The Female Man Introduction

Picture this: Manhattan, 1969—an attractive blonde woman, thirtyish, does her best Carrie Bradshaw impersonation, working on her career in the daytime and spending her evenings at cocktail parties and lounges, where she goes to meet men. While she is trying to be brainy and ambitious and charming and witty and pleasingly feminine all at the same time, a new wave of feminism is rolling in, bigger than anything anyone's seen since the women's suffrage movement began a full century ago.

Enter a visitor from another planet.

A planet inhabited entirely by women, because all of the men on it were wiped out by a plague half a millennium ago. A planet where science and technology have progressed far beyond the standards of the Earth inhabited by our Sex and the City lookalike. A planet where the human race, made up entirely of girls and women, has colonized and set up cities and mining operations on other worlds and asteroids throughout the galaxy, and developed deep-sea laboratories, miles beneath the surface of the ocean, where new members of the population are engineered and grown. It's a planet called Whileaway, which is also… Earth. It's a future Earth, but not our Earth. This Earth exists at one small point on an infinite continuum of probability, where every version of reality that could be, does be. If you, er, follow us there.

Enter a visitor from another planet.

And here we're not talking just any old planet, mind you, but one with another version of New York in 1969. This stranger is blonde and attractive too, though slightly younger than our Carrie Bradshaw impersonator, and her world looks a lot like the one we're used to, but with a few teensy differences—like World War II never happened. Oh, and Japan controls most of mainland China. And the USSR and the USA aren't staring each other down with nuclear missiles. In fact, the atom bomb may not even exist. Jumbo jets certainly don't, or not in America, at least; after all, it's hard to fund new innovations when the Great Depression is still putting a damper on economies worldwide.

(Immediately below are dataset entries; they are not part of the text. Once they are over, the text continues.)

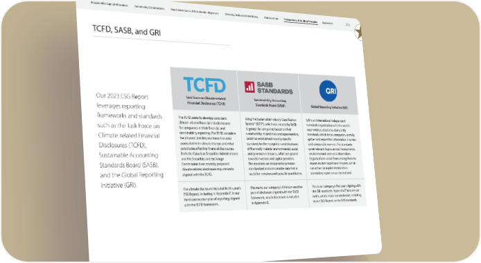 Responsible Capital Allocation Community Contributions Good Governance & Shareholder Alignment Diversity, Inclusion & Well-Being Climate Action Transparency & Guiding Principles Appendices 44 TCFD, SASB, and GRI Our 2023 ESG Report Task Force on Climate-related Sustainability Accounting Financial Disclosures (TCFD) Standards Board (SASB) Global Reporting Initiative (GRI) leverages reporting frameworks and standards The TCFD seeks to develop consistent Using the Sustainable Industry Classification GRI is an international independent such as the Task Force on climate-related financial risk disclosures System® (SICS®), which was created by SASB standards organization with the world’s for companies in their financial and to group like companies based on their most widely adopted sustainability Climate-related Financial sustainability reporting. The TCFD considers sustainability-related risks and opportunities, standards, which helps companies identify, the physical, liability and transition risks SASB has established industry-specific gather and report this information in a clear Disclosures (TCFD), associated with climate change and what standards for the recognition and disclosure and comparable manner. The standards constitutes effective financial disclosures. of financially material environmental, social cover relevant topics across the economic, Sustainable Accounting Both the Canadian Securities Administrators and governance impacts, which are geared environmental and social dimensions. and the Securities and Exchange towards investors and capital providers. Organizations select from among these to Standards Board (SASB), Commission have recently proposed The standards are designed to generate report on their significant impacts, which climate-related disclosure requirements standardized and comparable data that is can either be implemented into a and the Global Reporting aligned with the TCFD. useful for investors and typically quantitative. standalone report or can be indexed. Initiative (GRI). The climate disclosure included in this year’s This marks our company’s third consecutive This is our company’s first year aligning with ESG Report, including in Appendix C, is our year of disclosure aligned with the SASB the GRI standards. Appendix E includes an third consecutive year of reporting aligned framework, which disclosure is included index, which maps our disclosure, including with the TCFD framework. in Appendix D. in our ESG Report, to the GRI standards.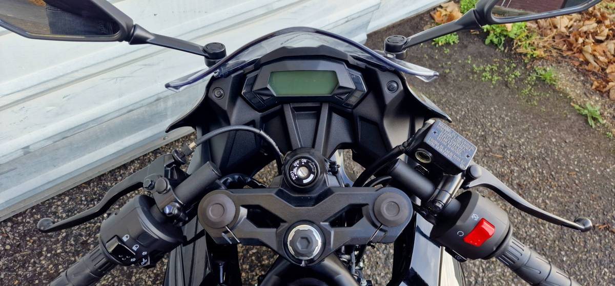 Die Ergonomie der Ninja 125 wurde für sportliches Fahren auf der Straße entwickelt. Die Sitzposition ist natürlich aggressiv, wobei sich der Fahrer nach vorne lehnt, um den schnittigen Stummellenker zu erreichen.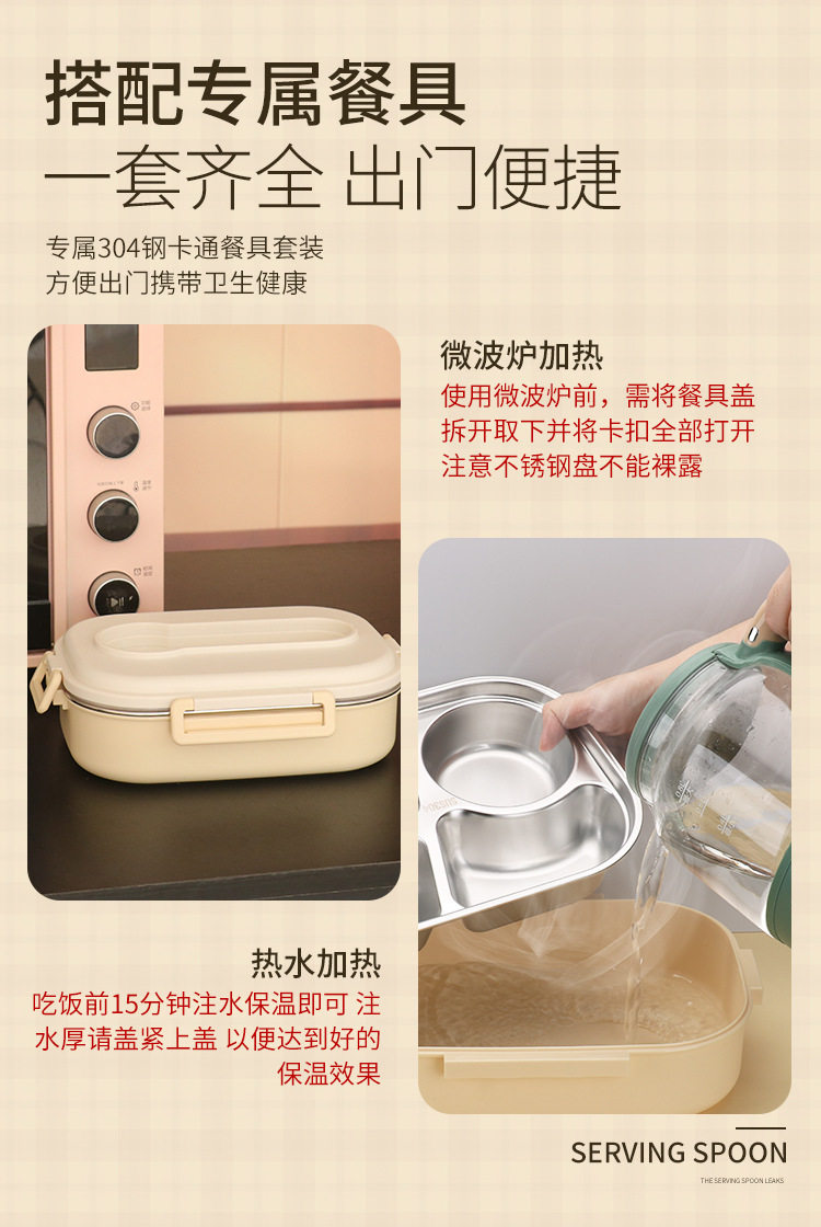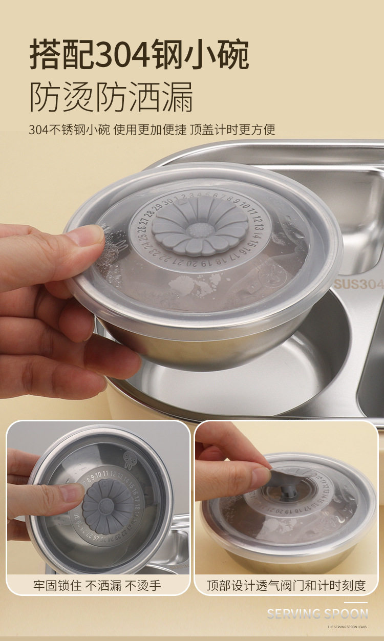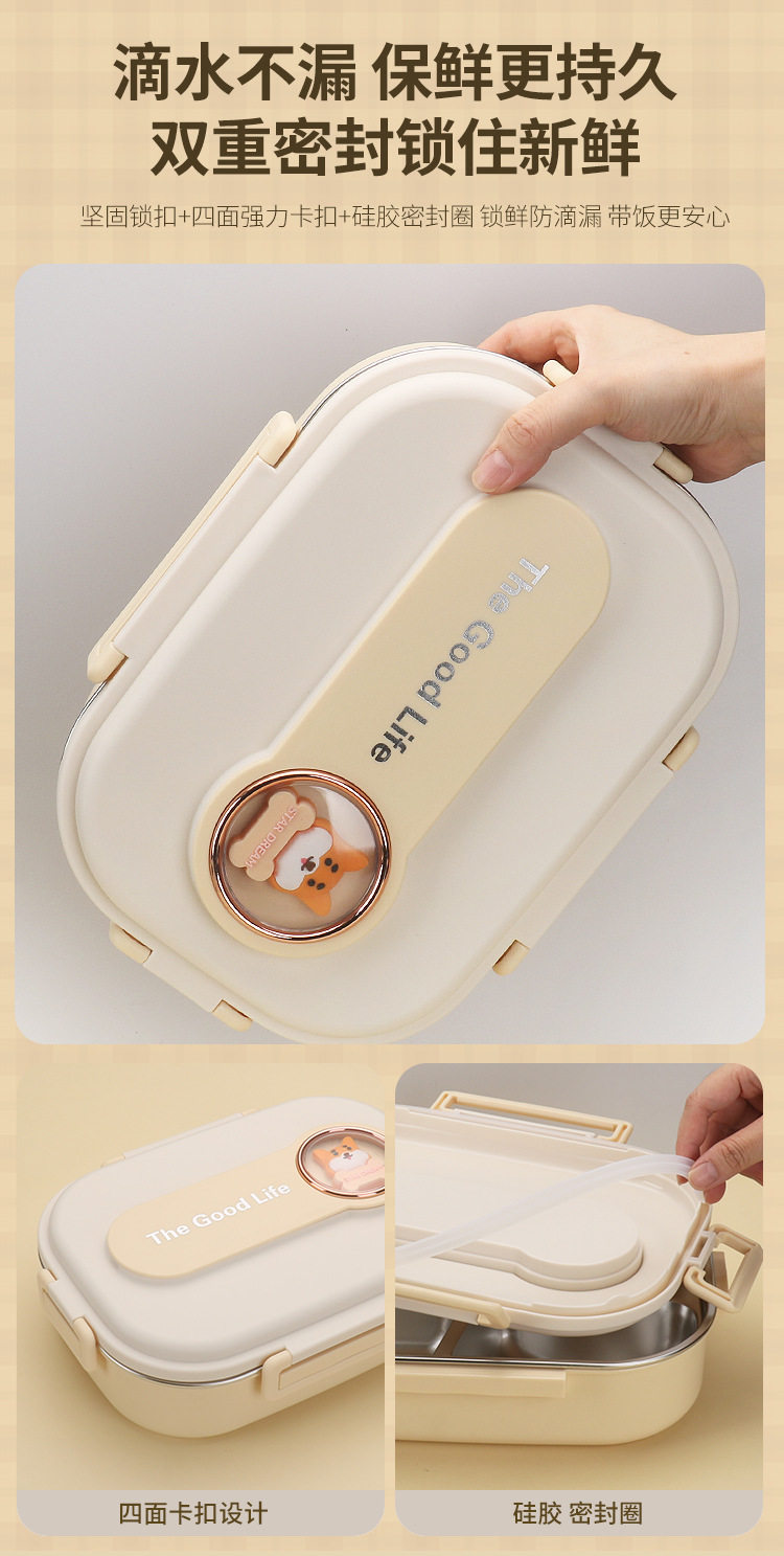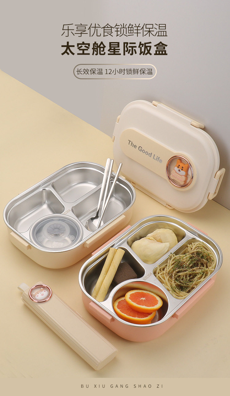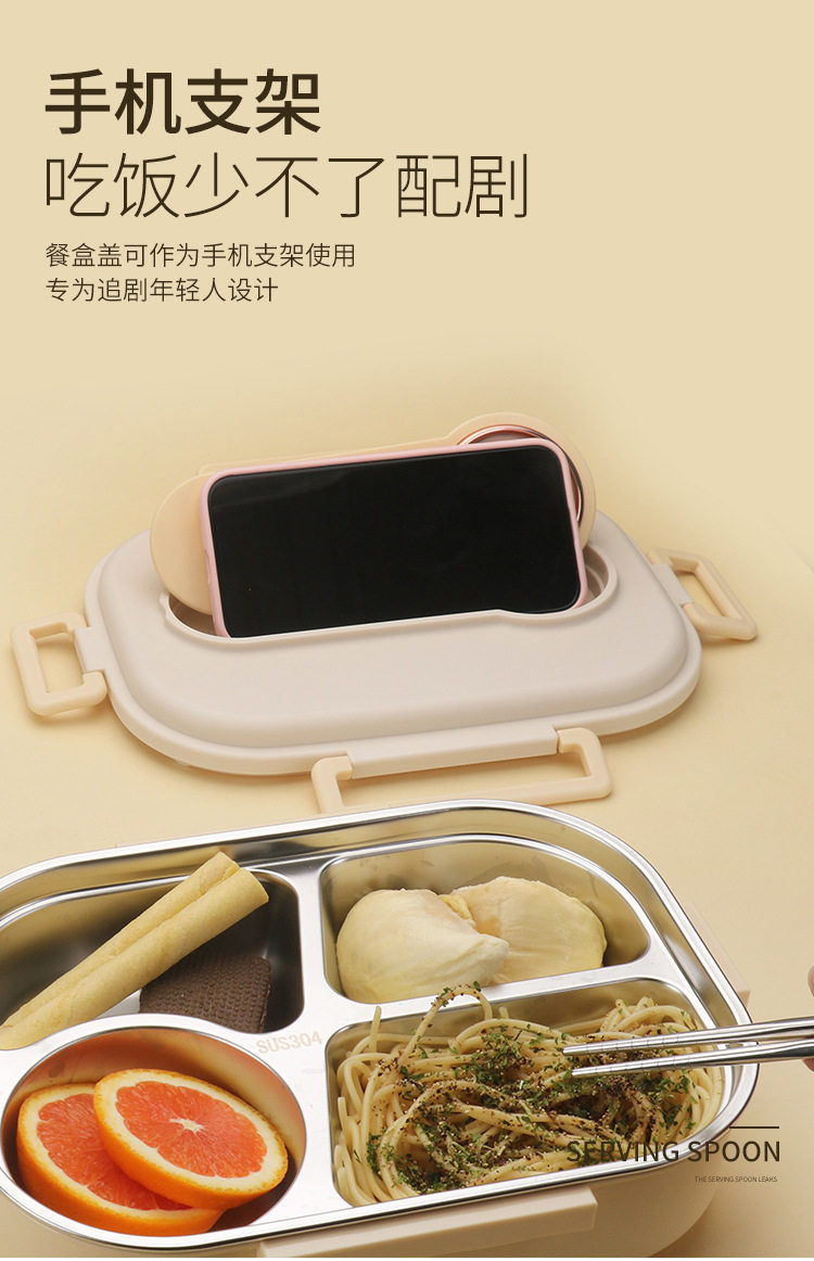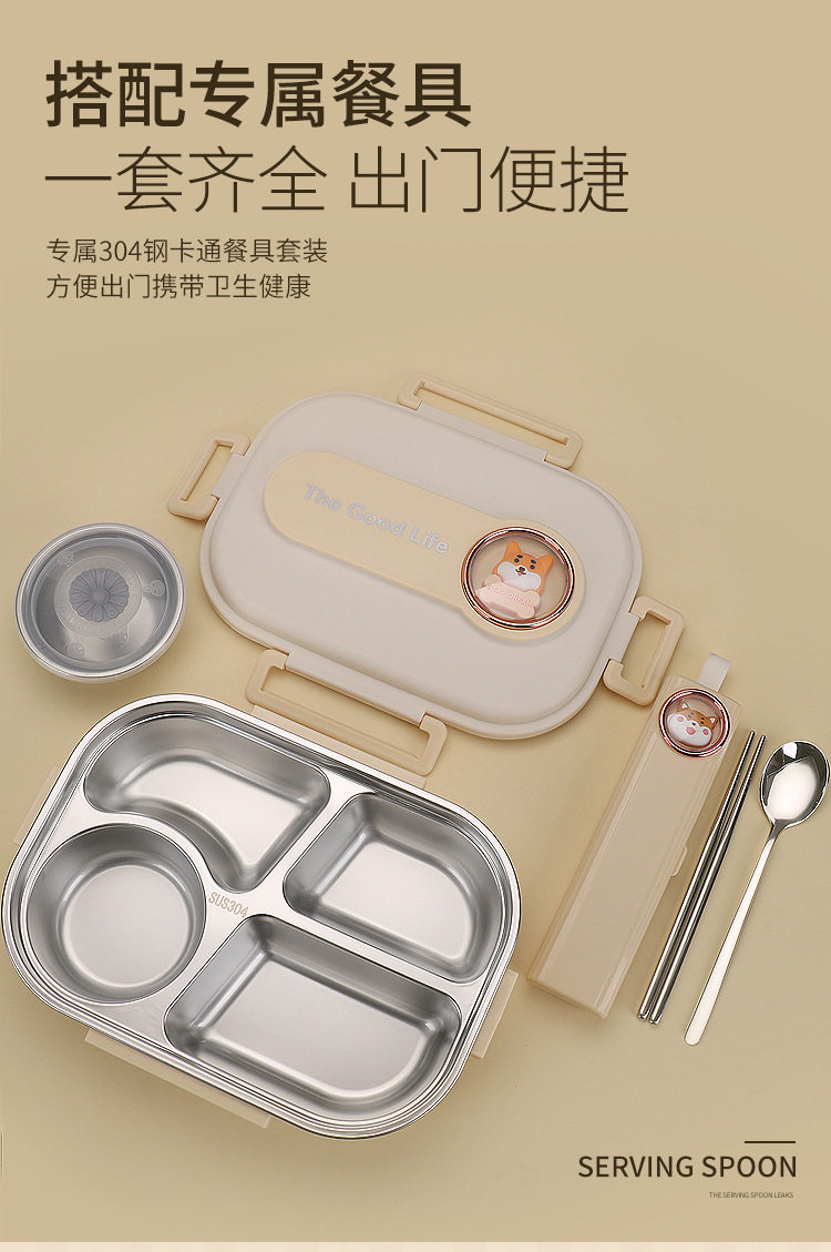 304 Stainless Steel Lunch Box with Soup Bowl Student Office Student Insulated Lunch Box Sealed Square Lunch Lunch Box

Now enter a visitor from yet another planet. (This is the last one, we promise.)

On her Earth, women and men have been at war for more than forty years, but active combat has come to a standstill. Women have discovered the science of probability travel, and they're experimenting with some fun new plague research, too. The men don't know it yet, but the stalemate is about to be broken, and the new war is going to be fought on more worlds than one….

First published in 1975, amid second-wave feminist activism, Joanna Russ's The Female Man is now considered an ur-text of feminist science fiction, meaning that it's recognized today as one of the fundamental, all-important texts that helped to shape the genre. In terms of canonical importance, it ranks right up there with Mary Shelley's Frankenstein—and believe us, that's saying something. When it was first published, the novel was nominated for the Locus Award and the Nebula Award. In 1995, it was retroactively awarded the James Tiptree, Jr. Award, which is given each year to a work of "science fiction or fantasy that expands or explores our understanding of gender." In the science fiction world, these accolades are the crème de la crème.

Full of anger, wit, sarcasm, and humor, The Female Man has also inspired controversy and critique for its representations of transsexual and transgender persons; Russ, for her part, is on record as saying that she regrets how she handled the topic. The sort of writing that can inspire intense admiration, intense dislike, or both, The Female Man is also said to have been an inspiration to William Gibson, whose cyberpunk thriller Neuromancer helped to inspire a slew of others in turn, along with a little film franchise you might've heard of called The Matrix. Long story short: The Female Man is a Big Deal in the science fiction world, and in the history of feminist theory and writing, too.

 

What is The Female Man About and Why Should I Care?

Feminism is as hot a topic today as it was in the 1970s, and even our most glitzy and glamorous celebrities are throwing in their two cents. Take a quick look at the widely publicized showdowns between Miley Cyrus and Sinead O'Connor, or the endless online debates about Beyoncé's feminist cred, and you'll see pretty quickly that feminism means a lot of things to a lot of people. At the heart of it all, though, are two basic questions: what does women's empowerment look like, and how do women get it?

The Female Man may not have all the answers, but it definitely has a few ideas. This is a book with a lot to say about rape culture, about power politics, and about the way patriarchal societies limit women's human rights and their opportunities to grow. It argues that traditional gender roles set women up to be docile victims of violence and oppression, and it explores how difficult it is for women to fight for their rights in a culture that's telling them that being a feminist means being a man-hater, a ball-breaker, a bra-burner, a harpy, a monster, a shrew: in other words, a Very Bad Woman.

Women in this novel struggle with the realization that they can't be the proper ladies their mothers, teachers, colleagues, and lovers want them to be. For some, that means coming to terms with their sexuality at a time when lesbian relationships were highly stigmatized; for others, it means embracing the new feminist movement despite the backlash it may bring.

So, what does it take to stand up for yourself despite public opposition and ridicule? What does it take to unlearn the self-hatred and passivity you've been taught to feel? These are questions for the ages, so don't let a bunch of outmoded pop culture references scare you away. The décor and the fashions in The Female Man may be dated, but the issues it tackles sure aren't.